Individuals with hearing disabilities are a diverse group. In
America, there are approximately 11,000,000 persons who are either
Deaf or hard of hearing (Mitchell, 2006). A major segment of this
population defines themselves as Deaf. This is a tight-knit group
whose primary source of communication and identity is through the
use of American Sign Language (Andrews, Leigh, & Weiner, 2003). Many
have severe to profound hearing deficits and when defined
accordingly in the United States there are approximately 1,000,000
Deaf persons above the age of 5 years old (Mitchell, 2006).
In contrast to the Deaf population, there are also the those persons
who refer to themselves as the hard of hearing. They can communicate
through lip-reading as well as through both speech and written
communication. Such individuals may have had hearing loss late in
life, or use a hearing aid or a cochlear implant (Vernon & College,
2006).
Historically, individuals with hearing disabilities lacked access to
appropriate mental health treatment before the 1960’s (Vernon &
Leigh, 2007). As a result, they were often placed with hearing
individuals and employees who had no way of communicating
effectively with them. Such circumstances led to ineffective
treatment and overall misdiagnosis. This short paper will explore
both past and as well as current mental health services for those
individuals seeking mental health treatment.

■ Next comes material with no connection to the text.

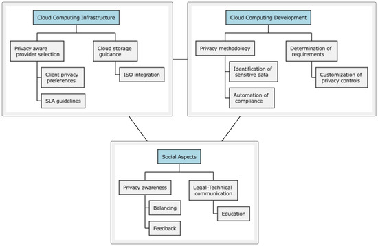 The software stage (Figure 3) is dedicated to the technical implementation of privacy mechanisms, addressing developers’ needs and technical requirements to achieve effective integration. Developers encounter significant challenges in embedding privacy into cloud services, especially when accounting for social factors [34,35]. Key considerations include adopting privacy-by-design practices and adapting to shifting privacy demands. Balancing ease of use with strong privacy protections, managing complex data flows in distributed cloud services, and ensuring regulatory compliance are central concerns in this area [28,36].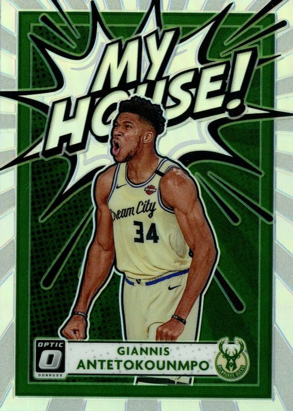 The Giannis Antetokounmpo 2020 Optic #2 My House! - Holo card in Raw condition has moved up $0.25 (+16.7%) in the last 30 days and was last sold for $1.75 .

Psychological Services for the Death and Hard of Hearing- A
Historical Perspective
The groundwork for early research in psychology and deafness
exhibited some interesting findings. Early studies showed that when
the verbal IQ scores of Deaf children were compared to IQ scores of
children with no hearing deficits, the IQ scores of the children
with hearing deficits often fell in the impaired range. However,
results eventually showed that it was language deprivation as a
consequence of deafness that was being measured rather than a true
verbal IQ (Drever & Collins, 1928). As a result psychologist began
to focus on performance IQ and created test batteries that were more
effective in evaluating the IQ’s of Deaf persons. Such batteries are
still used today and include the Raven Progressive Matrices and the
Chicago Non-Verbal Examination created in the early 1940’s (Vernon,
1970).
In the 1950’s few mental health facilities offered staff who had
been trained in sign language and could communicate effectively with
individuals who were Deaf (Vernon & Daigle-King, 1999). Research has
shown that patients with hearing disabilities remained hospitalized
for a longer period of time and received more serious diagnosis than
individuals without hearing impairments in both the United States
and in Europe (Basiler, 1964).
During the decades between the 1970’s and the 1990’s several
important legislative items were passed that gave individuals with
disabilities, including those who were Deaf rights which they had
not had beforehand. They include the Rehabilitation Act of 1973, the
Education for All Handicapped Act (1975) and the Americans with
Disabilities Act 1990 (Geer, 2003). This work along with the
Gallaudet University’s Law Center for the Deaf outlined a legal
framework in which to lobby for equality and accessibility for many
different services including education, communication and
employment. Current Mental Health Services Available to the Deaf
and Hard of Hearing
Today when compared to several decades ago mental health services
for the Deaf and hard of hearing have improved tremendously. An
example of this can be seen in the work done by Gallaudet
University, a school dedicated to working with deaf and hard of
hearing persons. The school has created programs in school
counseling and has implemented a clinical psychology Ph.D program
accredited by the America Psychological Association (APA) for those
interested in working with this population (Vernon, 1995).
Although many advances have been made regarding the availability of
psychological services for the Deaf have been made, this continues
to be an area of needed growth. A
recent study indicated
that as many as 8096 children with hearing disabilities are educated
in traditional programs around the country (Gallaudet Research
Institute, 2006). Such programs differ in level of experience in
providing services to these children and their families. For
example, psychologist and mental health therapist who do not know
sign language and are not educated on deaf culture. Such gaps in
knowledge can have serious consequences leading to either under
diagnosis or misdiagnosis of those seeking services.
Severe ethical and legal problems can arise when psychologist does
not know sign language and little to knowledge about working with
the Deaf culture (Raifman & Vernon, 1996). Psychologists have an
ethical obligation to adhere to a high standard of care when working
with all individuals with disabilities, including the deaf culture.
Nationally, there a only a small number of residential facilities
available for those individuals with hearing impairments requiring
inpatient treatment.
Despite the above mentioned problems in mental health services to
persons with hearing disabilities, there has been improvement over
the last few decades. The APA has taken an increased interest in
deafness, specifically via the leadership of those psychologist
involved in the deaf culture. With such efforts it is hopeful that
the area of psychology will continue to grow and expand in order to
better meet the needs of individuals with hearing impairments that
maybe seeking mental health services.